I followed the hint provided in the book as follows.

The purpose is to show for each element of $R$, there is a maximal ideal of $R$ avoiding it. Pick a $0\neq v\in R$. Since we have injective maps $S\to R$ and $R\to R_v$, we embed $S$ in $R_v$ as a subring and this $R_v$ is finitely generated as well over $S$.

It is clear that there is $0\neq s\in A$ such that we can extend the ring homomorphism $\phi:S\to\Omega$ to $\tilde{\phi}:R_v\to\Omega$ where $\Omega$ is some algebraically closed field. Here $\Omega$ is chosen to be the algebraically closed field of $S/m$ where $s\not\in m$ as jacobson radical of $S$ is 0. It is clear that $v$ under the map $R_v\to\Omega$ is not zero or we will have $1$ being sent to $0$.
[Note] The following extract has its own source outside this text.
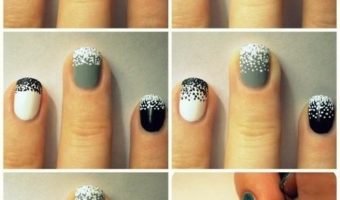 Este es un sencillo Nail Art donde lo que importa no es el dibujo, sino la combnación de colores y punteados. Pintado las uñas de color negro, blanco y gris

However, I am stuck at showing $Ker(R_v\to\Omega)\subset R_v$ is maximal ideal since this will lead to $Ker(R_v\to\Omega)\cap B$ is maximal. It is not even clear that this will be maximal. However, I can show if $S$'s Jacobson radical is trivial, then $R=S[x]$'s is trivial. It is possible that $R=S[x]/Q$ where $Q$ is some prime ideal and Jacobson radical of $R$ is the intersection of maximal ideals containing $Q$. I also noticed that quotient and localization do not necessarily commute with infinite intersection. What other options do I have here?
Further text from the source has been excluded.